Supervised Learning
Regression, classification; linear models, SVMs, decision trees, ensembles
Supervised learning trains a model on labelled examples — input-output pairs — so it can predict outputs for new inputs. It is the most common ML paradigm, covering both regression (continuous output) and classification (discrete output).
Key Points
- Regression: predict a continuous value (house price, temperature, stock return)
- Classification: predict a category (spam/not-spam, cat/dog/bird, cancer/benign)
- Linear Regression: fits a line (or hyperplane) minimising squared error
- Logistic Regression: outputs a probability between 0 and 1 (despite the name, it is a classifier)

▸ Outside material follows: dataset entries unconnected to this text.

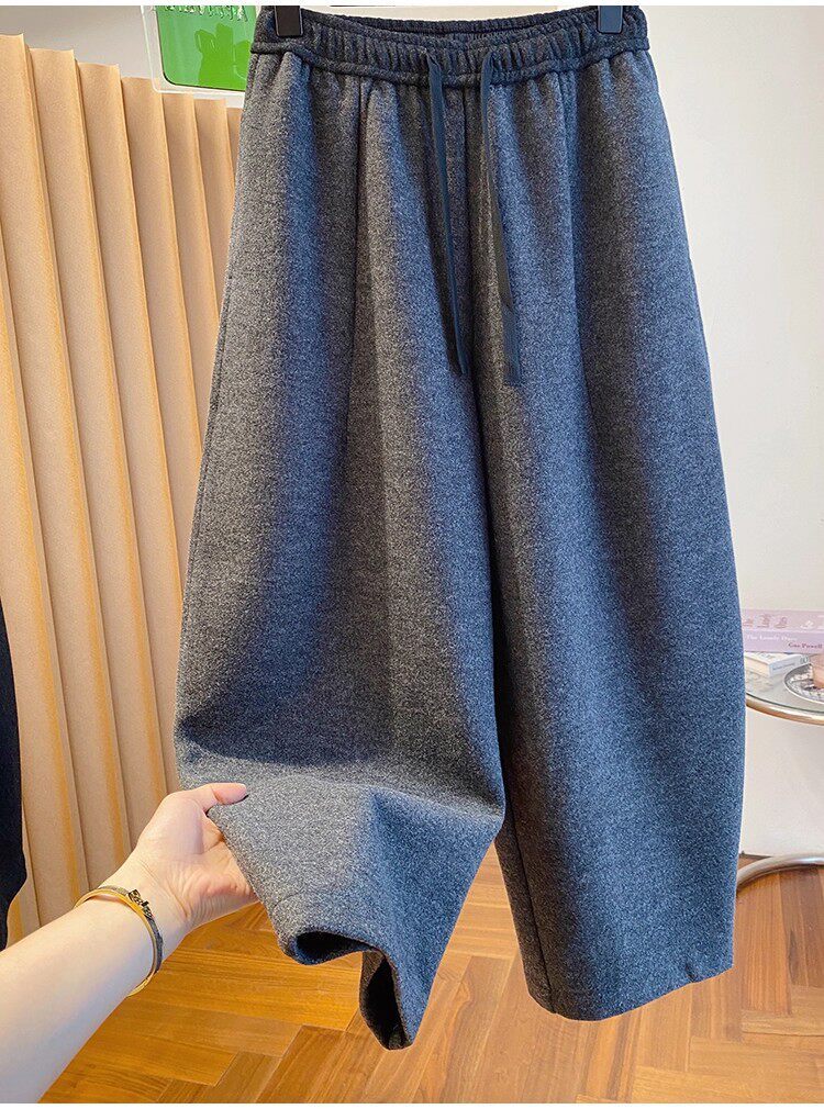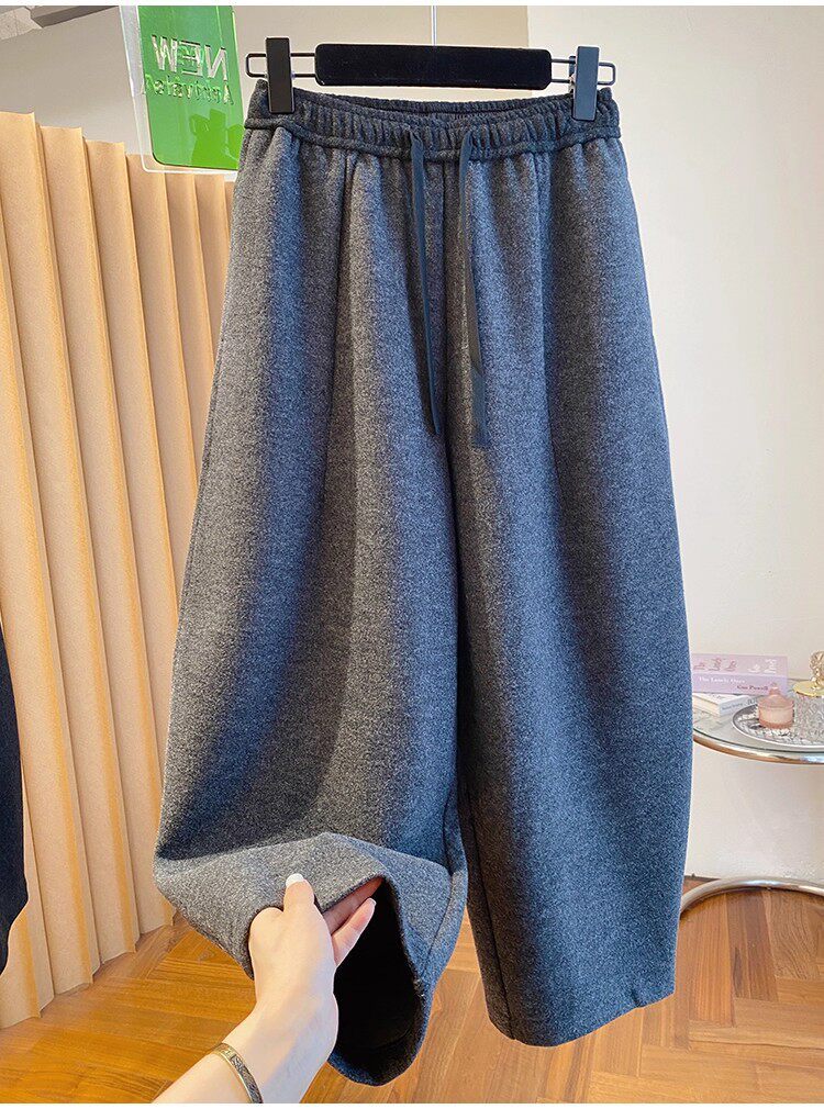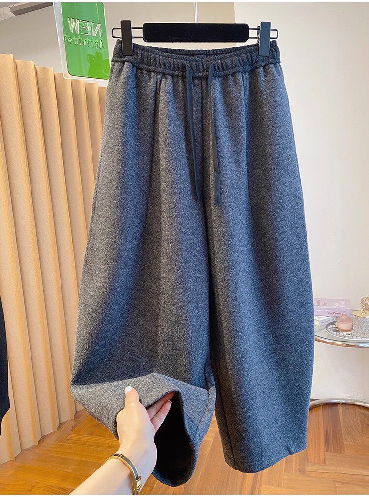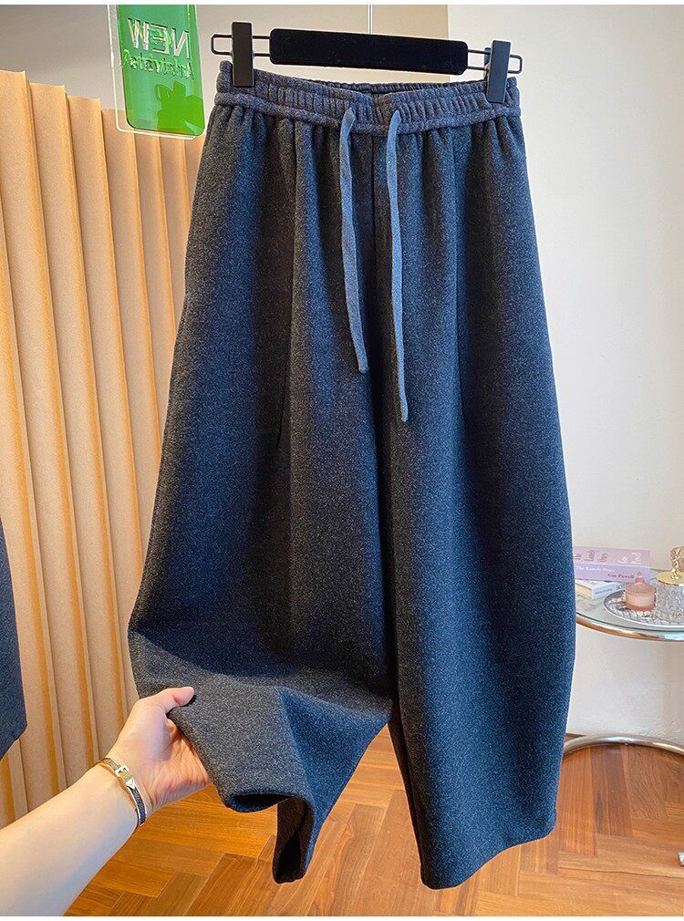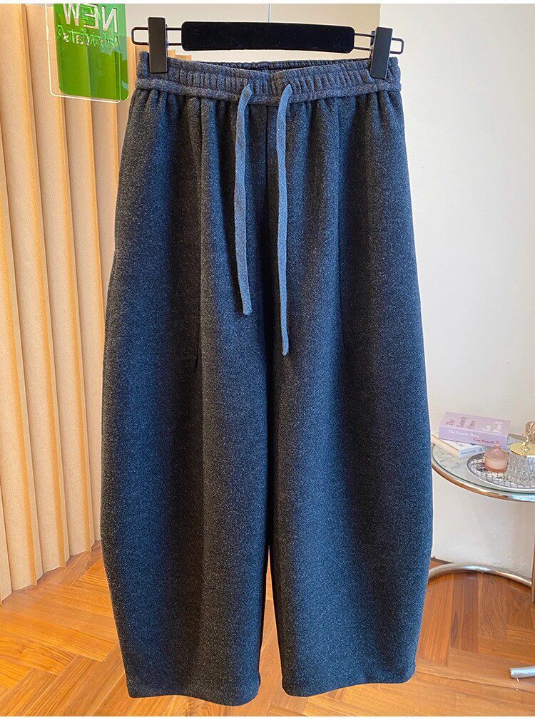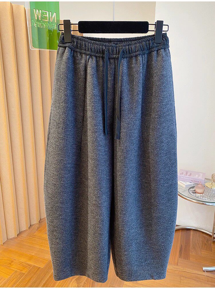 秋冬季加大码200斤灰色九分裤女宽松百搭休闲潮垂感弯刀遮肉裤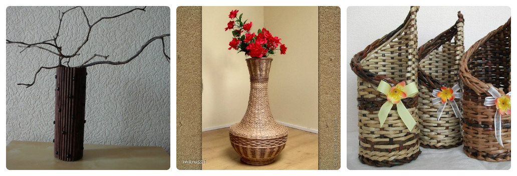 Не спешите выкидывать собравшуюся дома макулатуру, ведь из нее можно сделать прекрасную вазу своими руками. От Вас не потребуется много времени или усилий, а работа при этом окажется увлекательной и интересной. Итак, берем ненужные журналы (газеты, тетрадки, книги) и скручиваем трубочки из страниц. Чем длиннее получится трубочка, тем лучше. Толщину выбираете сами, можно крутить трубочку из четверти страницы, из половины или из целой. Сделав нужное количество (около 100 шт.), приклеиваем их к основе, которой может служить пластмассовая бутылка, скрученный ватман, тубус или, опять таки, старая ваза. Далее проделываем все то же самое, что и с вазой из карандашей. Когда освоите этот способ плетения вазочек из газетных трубок, можете переходить к более сложному - плетению спиралью.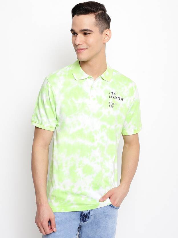 Men Tie & Dye Polo Neck Pure Cotton Green T-Shirt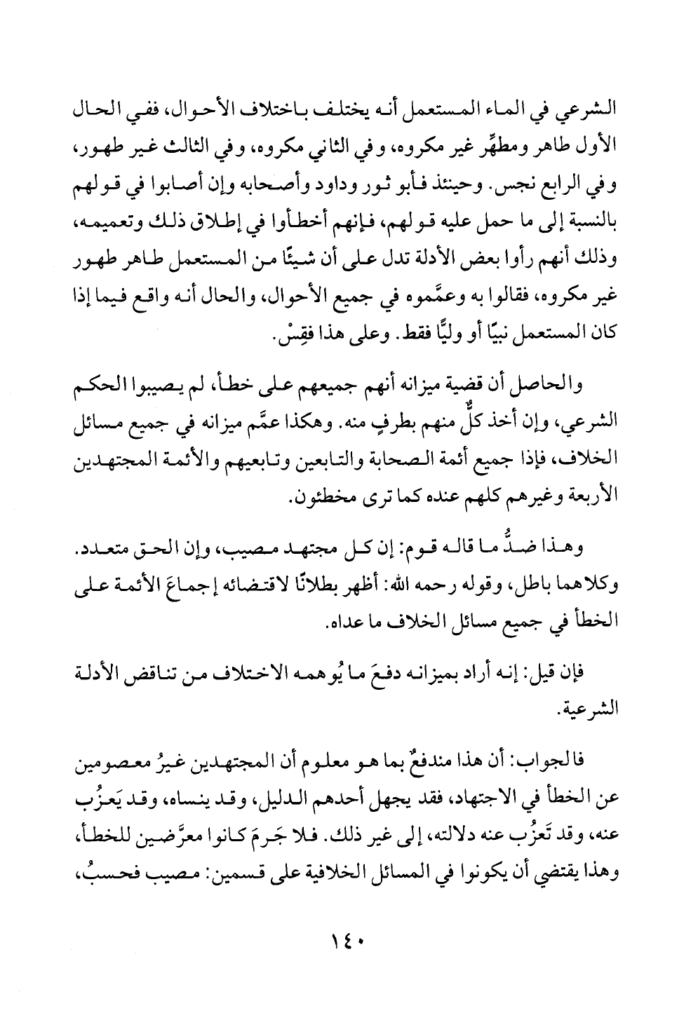 والحاصل أن قضية ميزانه أنهم جميعهم على خطأ، لم يصيبوا الحكم الشرعي، وإن أخذ كلٌّ منهم بطرفٍ منه. وهكذا عمَّم ميزانه في جميع مسائل الخلاف، فإذا جميع أئمة الصحابة والتابعين وتابعيهم والأئمة المجتهدين الأربعة وغيرهم كلهم عنده كما ترى مخطئون.

- Decision Trees: hierarchical if-else splits on feature values; interpretable but prone to overfitting
- Random Forest: ensemble of decision trees; reduces variance by averaging predictions
- Gradient Boosting (XGBoost, LightGBM): builds trees sequentially, each correcting prior errors
- Support Vector Machine (SVM): finds optimal separating hyperplane; good for small datasets
- k-Nearest Neighbours (kNN): classifies based on the k most similar training examples
| Algorithm | Type | Strengths | Weaknesses |
|---|---|---|---|
| Linear Regression | Regression | Fast, interpretable | Only linear relationships |
| Logistic Regression | Classification | Probabilistic output, fast | Linear decision boundary |
| Decision Tree | Both | Interpretable, no scaling | Overfits easily |
| Random Forest | Both | Robust, handles missing data | Slow, hard to interpret |
| XGBoost | Both | State-of-art on tabular data | Many hyperparameters |
| SVM | Classification | Effective in high dimensions | Slow on large datasets |
Real-World Example
Gradient Boosted Trees (XGBoost) won dozens of Kaggle competitions and are used in production by banks for credit scoring, retailers for demand forecasting, and hospitals for readmission risk prediction.